(EXERCISE INPUT Opens)

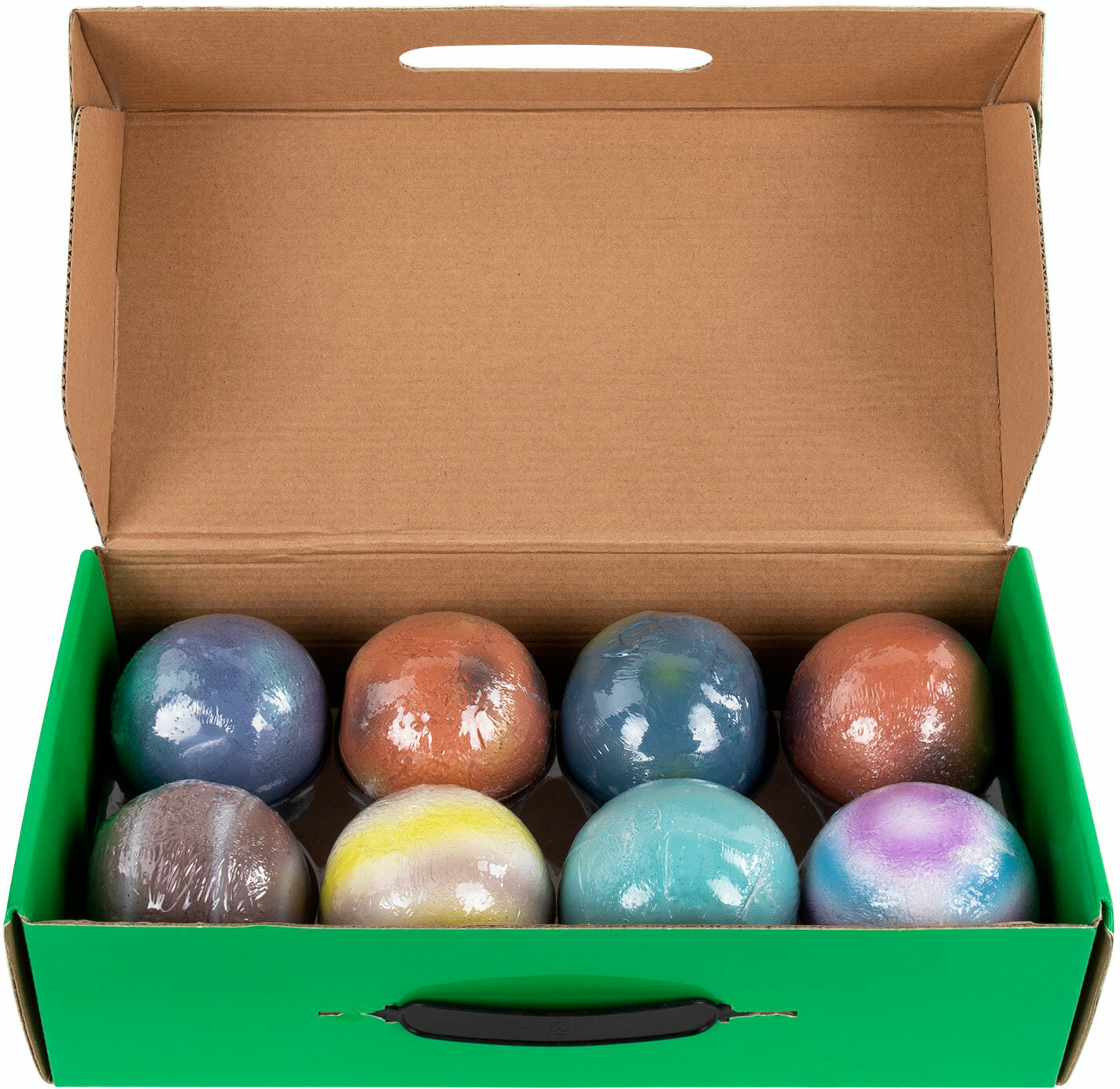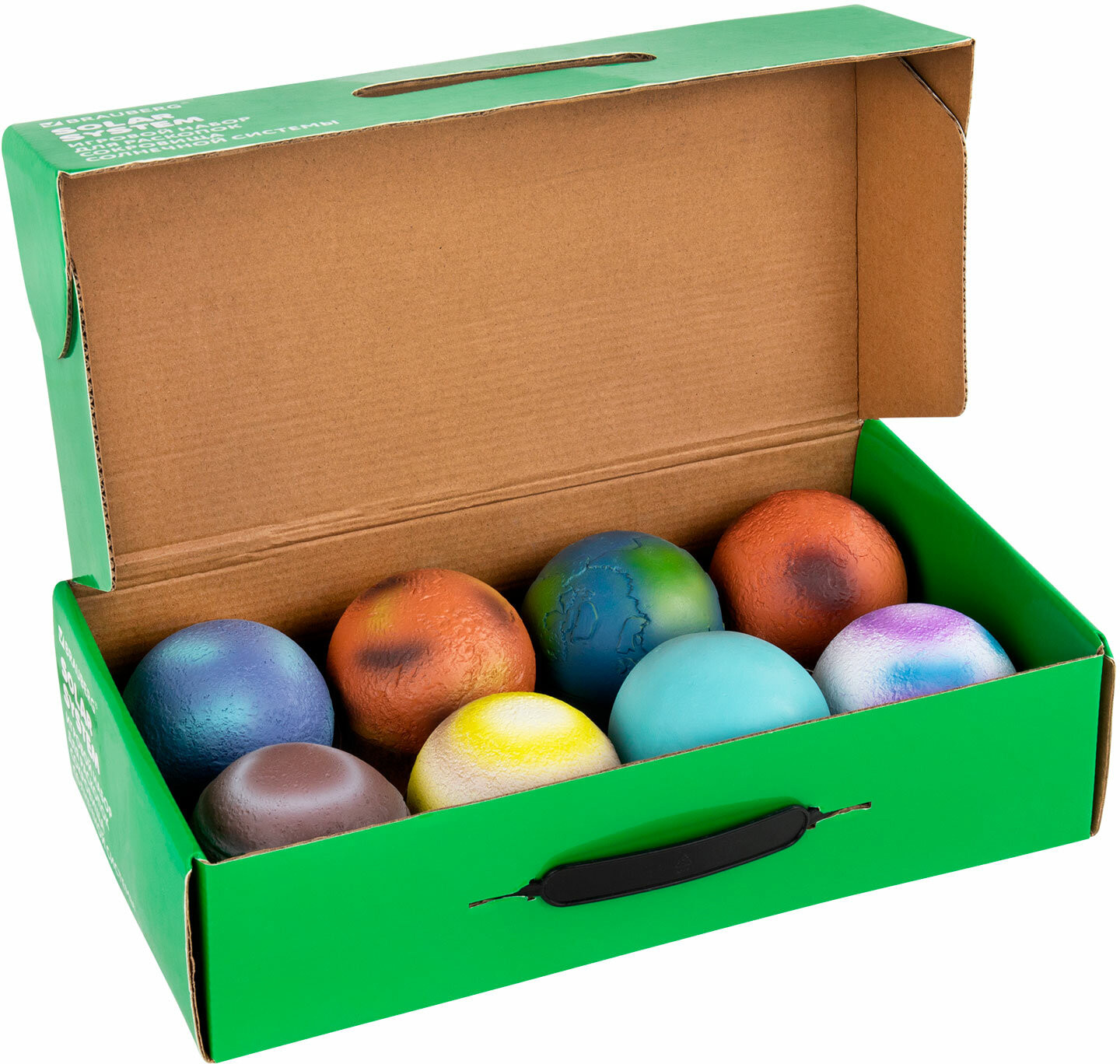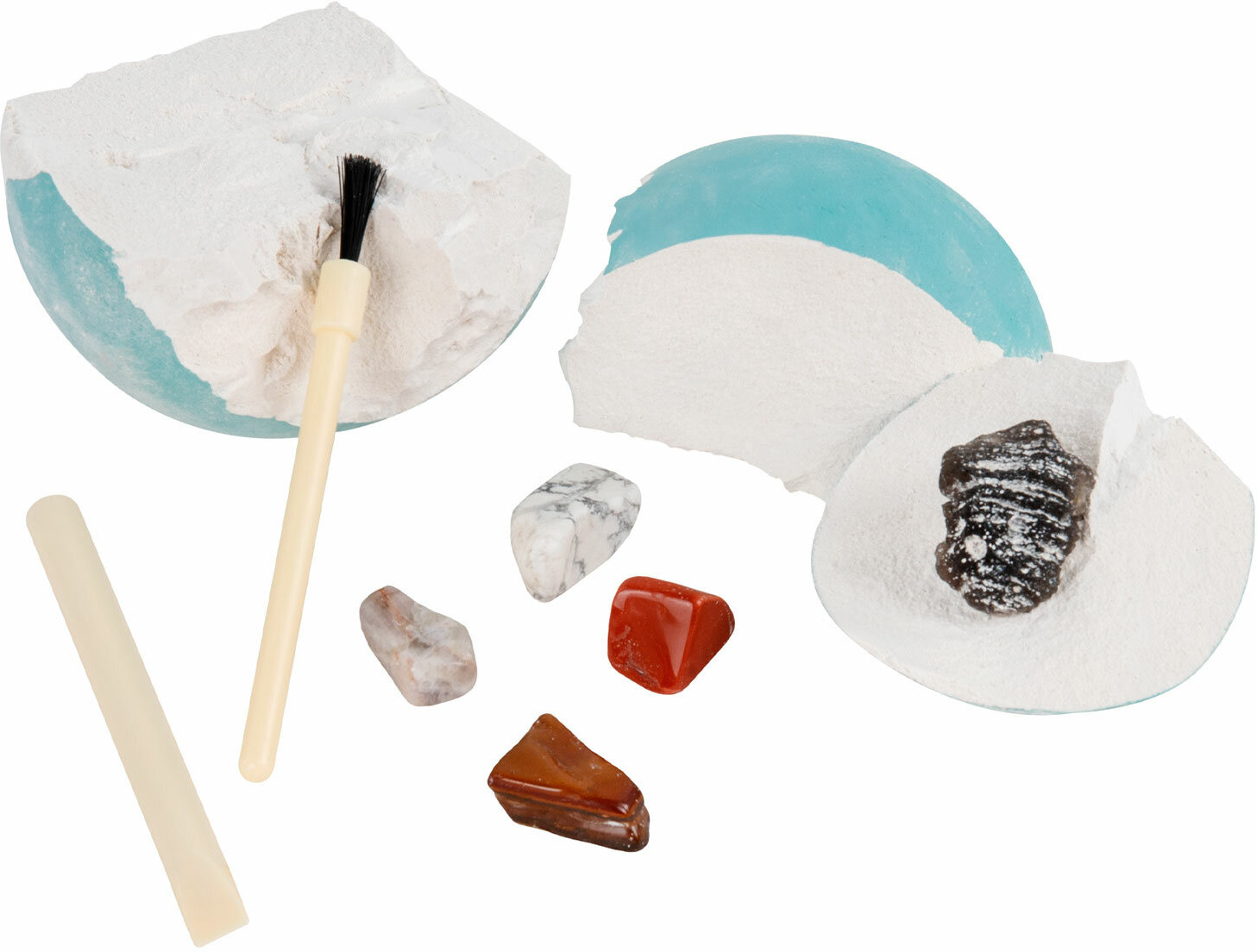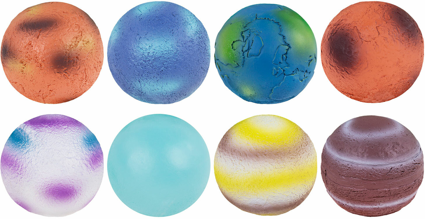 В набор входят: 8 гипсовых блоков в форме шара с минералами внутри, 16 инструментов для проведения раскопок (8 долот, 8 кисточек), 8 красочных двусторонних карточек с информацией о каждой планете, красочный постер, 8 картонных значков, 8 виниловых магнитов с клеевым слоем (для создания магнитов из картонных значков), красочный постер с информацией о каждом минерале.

(EXERCISE INPUT Closes)
(EXERCISE INPUT Opens)

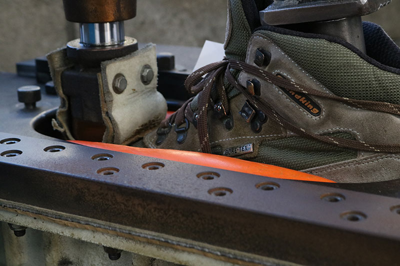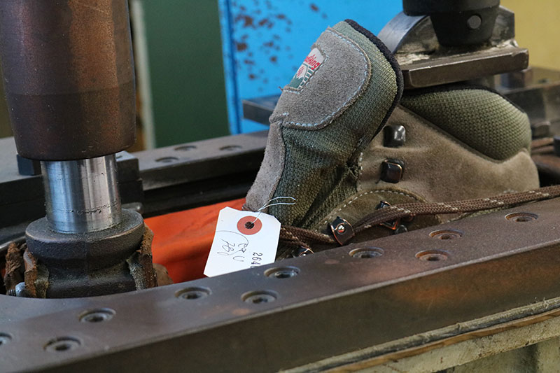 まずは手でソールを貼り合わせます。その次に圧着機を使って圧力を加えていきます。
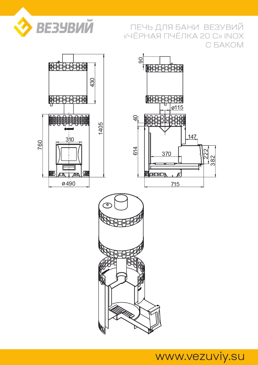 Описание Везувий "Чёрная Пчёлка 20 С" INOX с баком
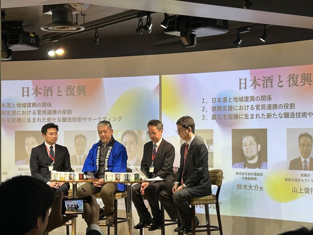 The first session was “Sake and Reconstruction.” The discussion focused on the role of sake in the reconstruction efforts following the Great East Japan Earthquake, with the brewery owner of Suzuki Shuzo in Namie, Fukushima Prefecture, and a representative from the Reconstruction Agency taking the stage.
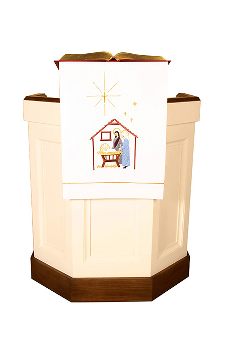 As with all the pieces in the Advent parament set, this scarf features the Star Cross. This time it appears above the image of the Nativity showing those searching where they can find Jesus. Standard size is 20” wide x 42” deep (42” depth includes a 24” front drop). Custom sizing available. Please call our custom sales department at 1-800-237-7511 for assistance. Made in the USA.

(EXERCISE INPUT Closes)
(EXERCISE INPUT Opens)

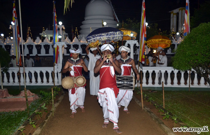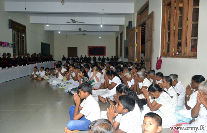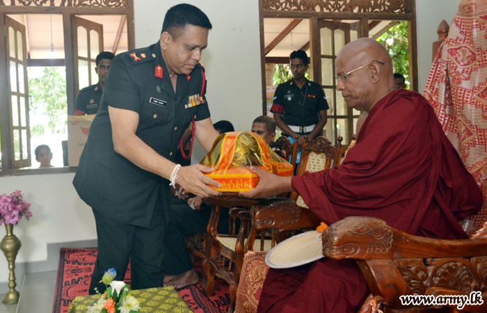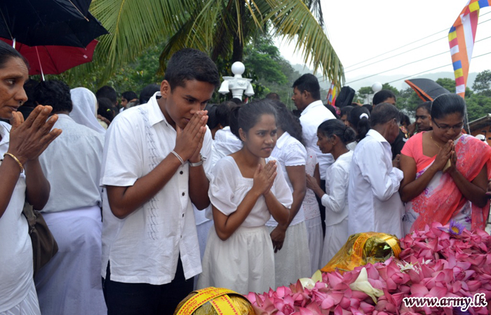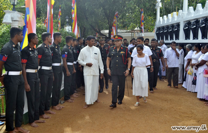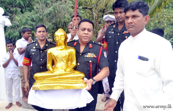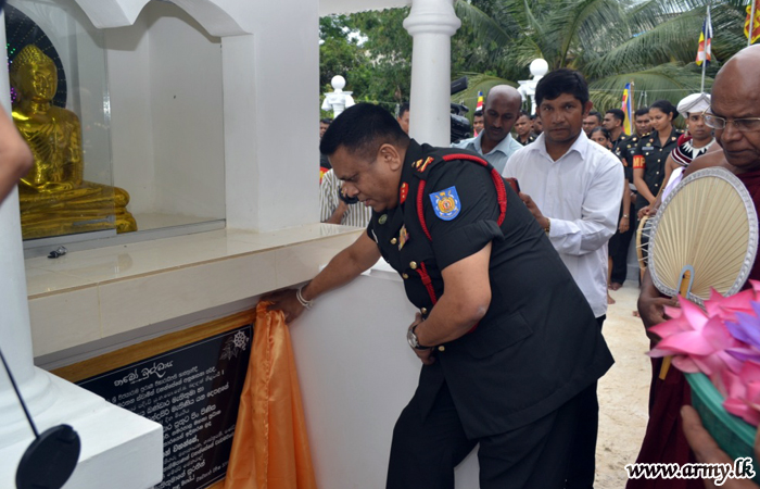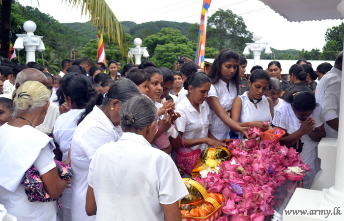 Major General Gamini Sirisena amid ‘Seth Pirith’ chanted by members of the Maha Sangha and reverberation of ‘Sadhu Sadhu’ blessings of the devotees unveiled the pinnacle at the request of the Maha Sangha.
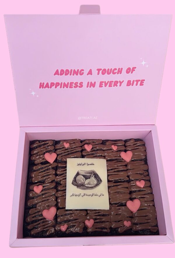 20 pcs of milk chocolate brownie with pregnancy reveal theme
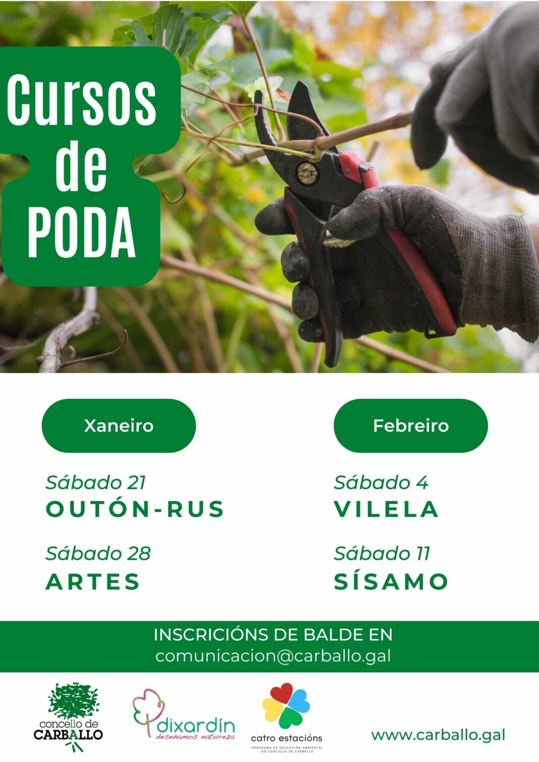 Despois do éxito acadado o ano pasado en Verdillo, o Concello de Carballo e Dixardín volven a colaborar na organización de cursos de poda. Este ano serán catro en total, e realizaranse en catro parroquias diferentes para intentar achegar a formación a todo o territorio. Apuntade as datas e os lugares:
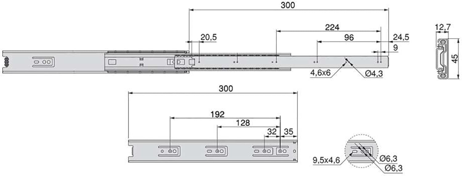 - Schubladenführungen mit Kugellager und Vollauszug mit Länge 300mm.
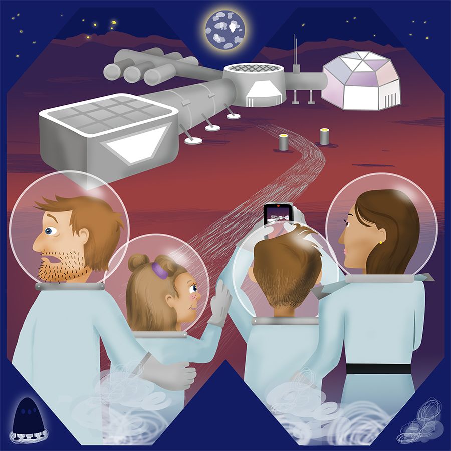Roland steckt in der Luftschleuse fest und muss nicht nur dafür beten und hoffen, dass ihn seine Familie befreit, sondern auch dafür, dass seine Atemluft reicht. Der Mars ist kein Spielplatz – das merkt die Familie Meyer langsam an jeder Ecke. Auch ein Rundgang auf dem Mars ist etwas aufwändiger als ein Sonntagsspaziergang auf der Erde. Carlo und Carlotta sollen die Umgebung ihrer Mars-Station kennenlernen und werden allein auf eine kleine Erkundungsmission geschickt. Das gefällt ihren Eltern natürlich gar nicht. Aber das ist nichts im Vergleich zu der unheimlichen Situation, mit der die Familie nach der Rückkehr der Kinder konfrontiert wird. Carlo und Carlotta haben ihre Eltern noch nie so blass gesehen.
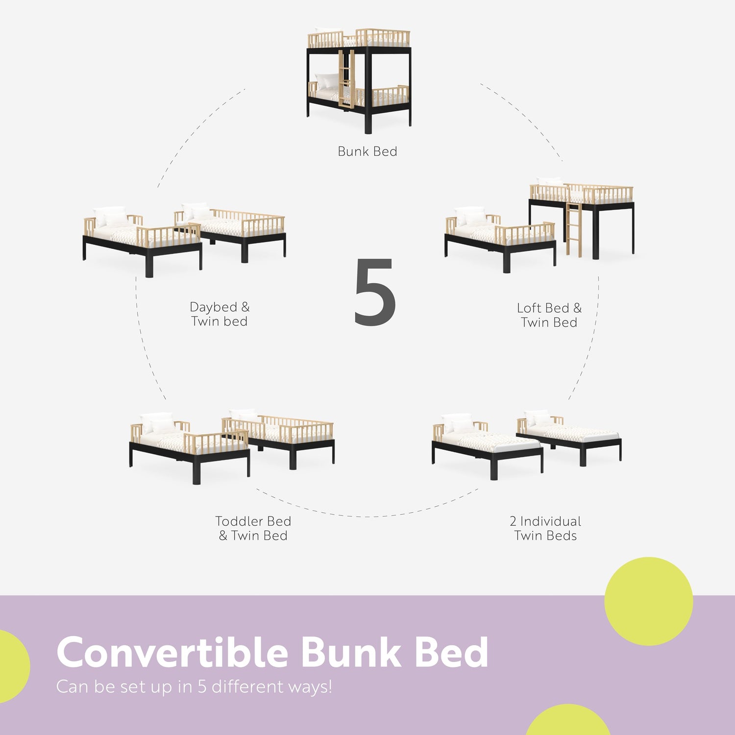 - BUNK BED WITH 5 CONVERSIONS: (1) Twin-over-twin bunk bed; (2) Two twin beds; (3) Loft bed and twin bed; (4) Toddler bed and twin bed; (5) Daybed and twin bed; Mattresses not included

(EXERCISE INPUT Closes)

▸ **PROMPT**
Extract the part of the records that opens with the line containing "The first session" and closes with the line containing "As with all". Take only those lines, exactly, and no pictures.

▸ **REPLY TO THE EXERCISE**
 The first session was “Sake and Reconstruction.” The discussion focused on the role of sake in the reconstruction efforts following the Great East Japan Earthquake, with the brewery owner of Suzuki Shuzo in Namie, Fukushima Prefecture, and a representative from the Reconstruction Agency taking the stage.
 As with all the pieces in the Advent parament set, this scarf features the Star Cross. This time it appears above the image of the Nativity showing those searching where they can find Jesus. Standard size is 20” wide x 42” deep (42” depth includes a 24” front drop). Custom sizing available. Please call our custom sales department at 1-800-237-7511 for assistance. Made in the USA.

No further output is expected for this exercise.